Of course you can feel emotions towards people you've just met or glanced at. You've never just glanced at someone and felt scared or intimidated by them? You've never seen someone struggling/in a bad situation and felt sadness or empathy for them? Those are all emotions. Our survival as human beings requires us to be able to make instant judgements about people.
It's difficult first of all to even operationalize the concept of love, so I'm guessing that people's definitions is going to a big determination in whether they believe in love at first sight. If you view love as something very complex or purely as an action then I can understand why some might find love at first sight incomprehensible.
I believe in love at first sight. I've fallen in love with my baby cousins and friends baby the first time I've met them. They weren't particularly cute at the time as they were still in that awkward -just born, troll looking stage that new babies go through but I felt overwhelming love for them the first time I met them.
As for romantic love at first sight I've experienced that too.
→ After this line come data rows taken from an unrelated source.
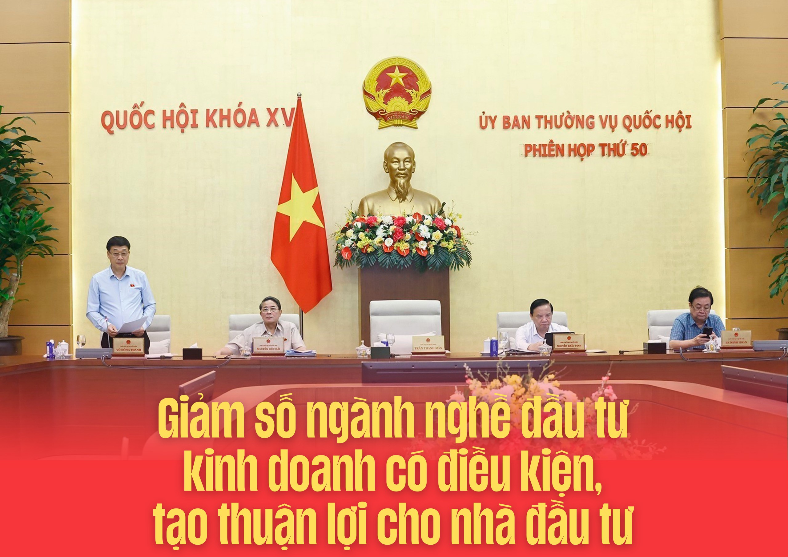 Thảo luận về dự án Luật Đầu tư (sửa đổi), các thành viên trong Ủy ban Thường vụ Quốc hội nhấn mạnh dự án luật này có phạm vi rất rộng, tác động đến môi trường đầu tư kinh doanh và tiến trình cải cách của nền kinh tế. Các thành viên Ủy ban Thường vụ Quốc hội đã cho ý kiến về khái niệm, phạm vi và thẩm quyền chấp thuận chủ trương đầu tư; tiêu chí xác định ngành nghề đầu tư kinh doanh có điều kiện, việc thể chế hóa Nghị quyết 50 của Bộ Chính trị về nâng cao chất lượng FDI, đặc biệt là cơ chế hậu kiểm khi cho phép nhà đầu tư nước ngoài thành lập tổ chức kinh tế trước khi có dự án đầu tư; các biện pháp kiểm soát để tránh lợi dụng chuyển tài sản hoặc trốn thuế...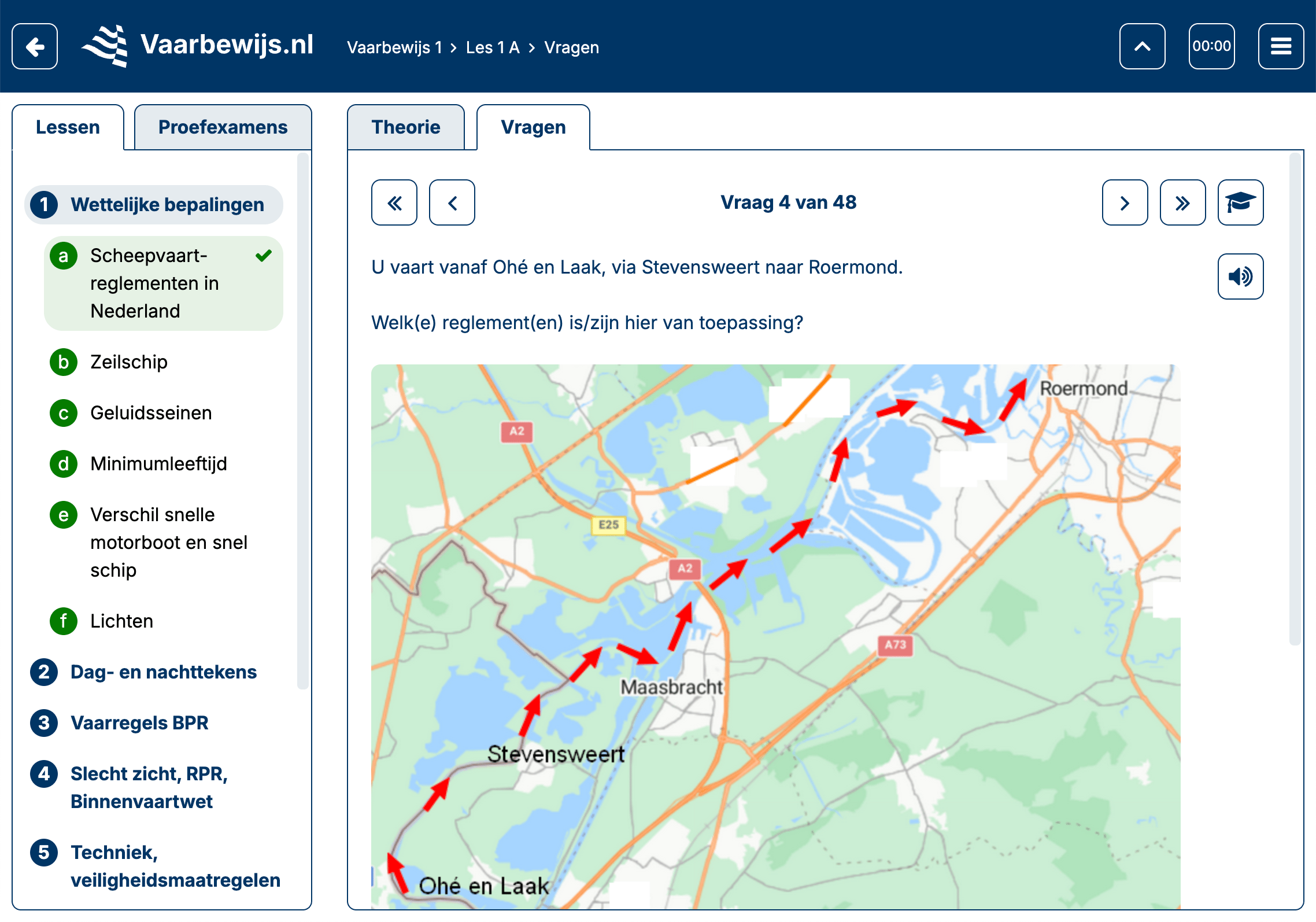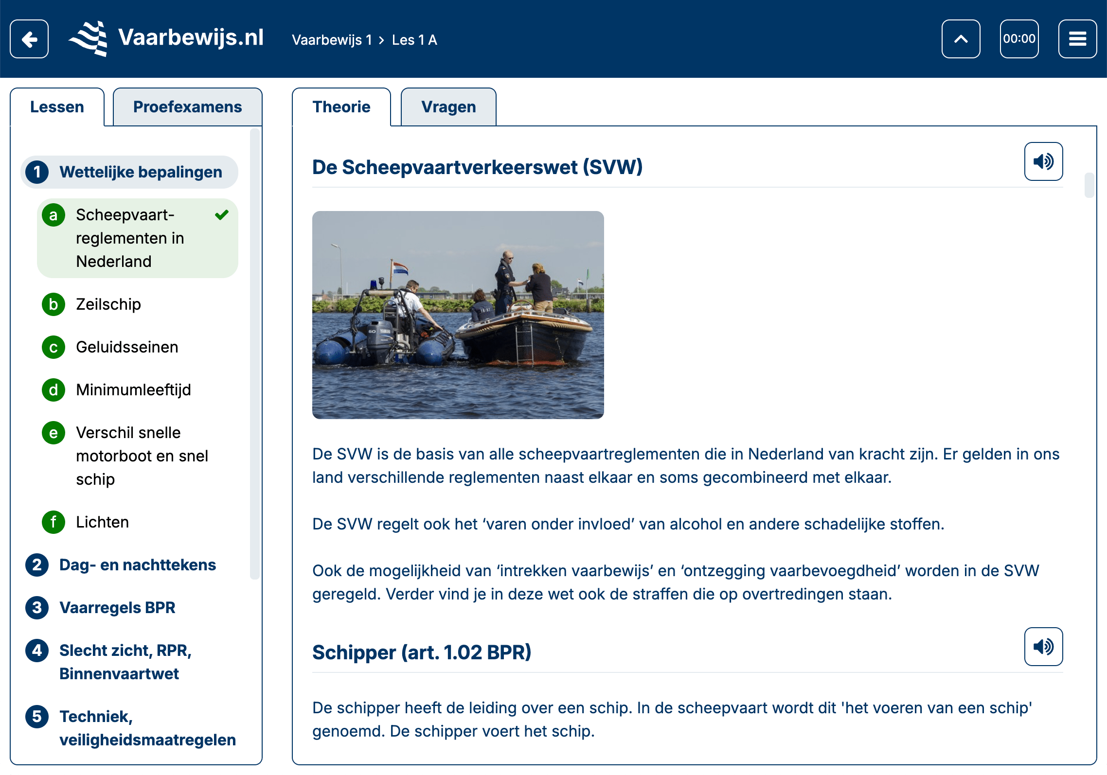Op Vaarbewijs.nl kun je de online cursus Vaarbewijs 1 volgen. Deze cursus bevat duidelijke tekst, de nieuwste vraagsoorten en 3D-beelden zoals in de examens, veel afbeeldingen en video's. Ook vind je 29 proefexamens met de nieuwste examenvragen in de cursus. Je volgt de cursus in onze gebruiksvriendelijke webapp die geschikt is voor smartphones, tablets, laptops en computers.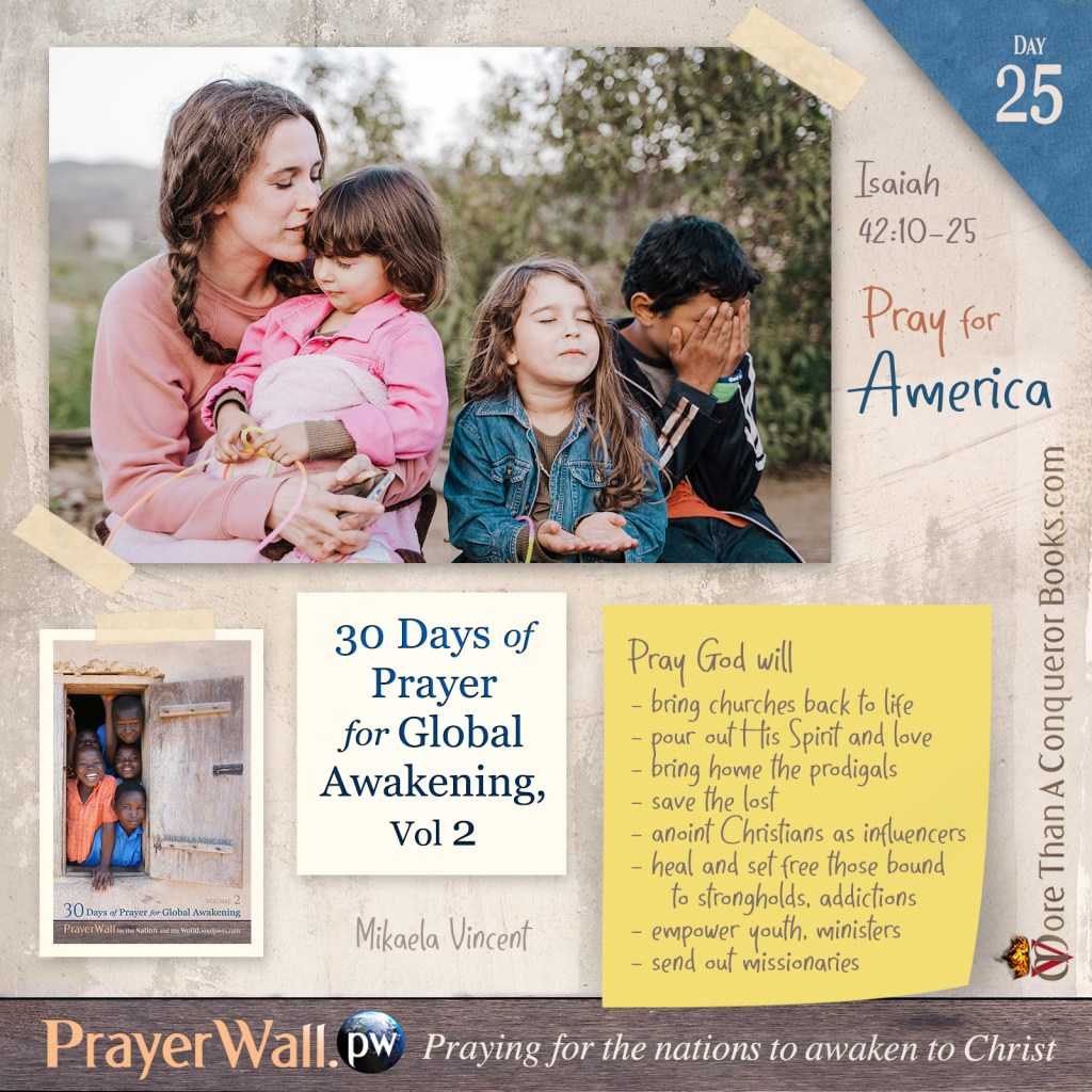A full-color book, 30 Days of Prayer for Global Awakening, Volume 2, is available in both paperback or pdf format (for Kindle and other devices) at MoreThanAConquerorBooks.com.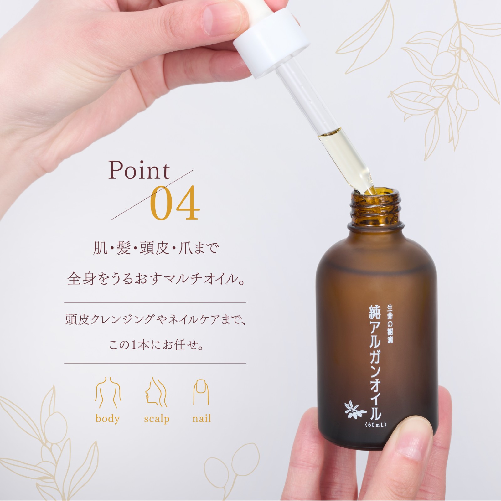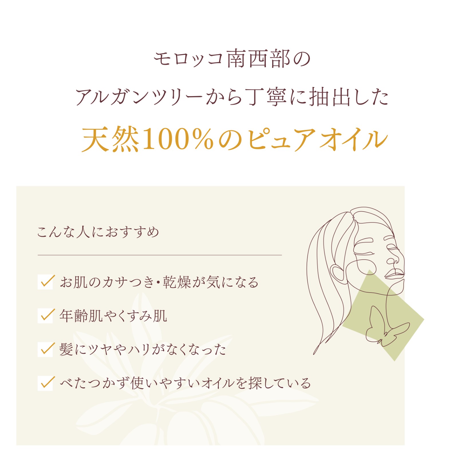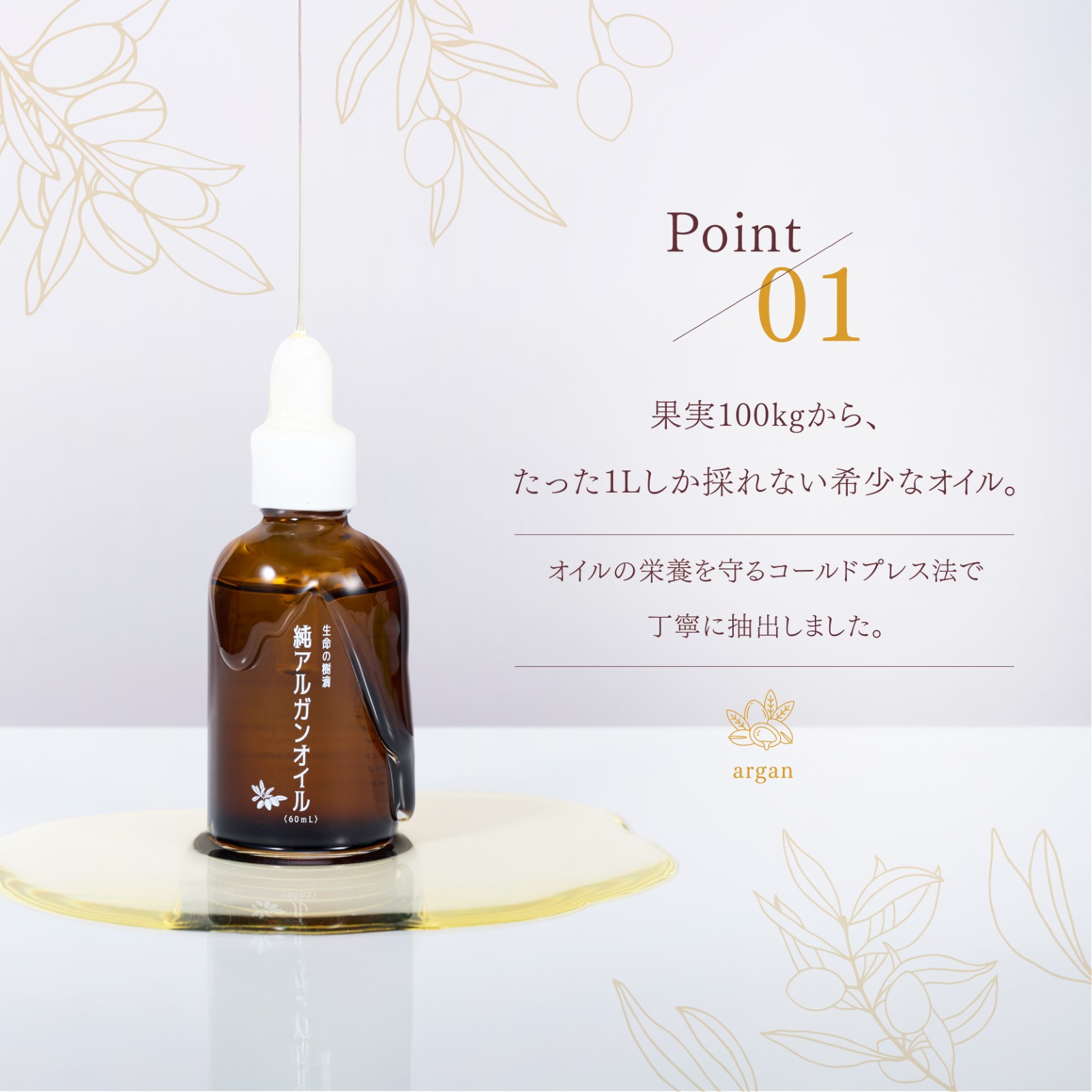 - アルガンオイルは融点の関係で、低温下において結晶化・固形化する場合がありますが、品質には問題ございません。常温下でゆっくりと融解(固形や結晶を液体化)させてご使用ください。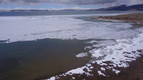 Bitlis'in Ahlat ilçesindeki Nazik Gölü'nde, havanın ısınmasıyla birlikte buzlar kısmen erimeye başladı.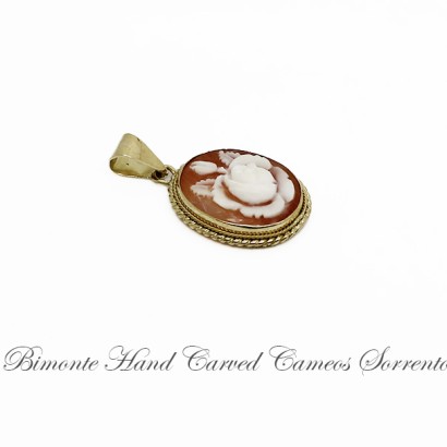 Genuine hand carved shell cameo pendant set in solid gold 18 ct

It was a connection that to this day I've never experienced with anyone else before and doubt I will experience with anyone ever again. I remember the first time I laid eyes on him and we talked I thought to myself 'I could marry this man one day'. I was very anti-marriage at the time, had no desire or interest in settling down and was happily dating someone else but the connection was so strong. I felt like I had known him my whole life, I'm very introverted and so find it exhausting being around people but I could have talked to him for hours and not felt the usual discomfort I feel as a result of my social awkwardness. When I'm physically attracted towards someone my thoughts are focused mostly around sex. But with him, it was beyond that, sexual thoughts didn't even cross my mind. I wanted to know everything, his whole life story right there and then, and then I wanted to tell him my life story...I wanted to do everything in my whole life with him. It was both beautiful and scary to me to experience that for someone I had just met.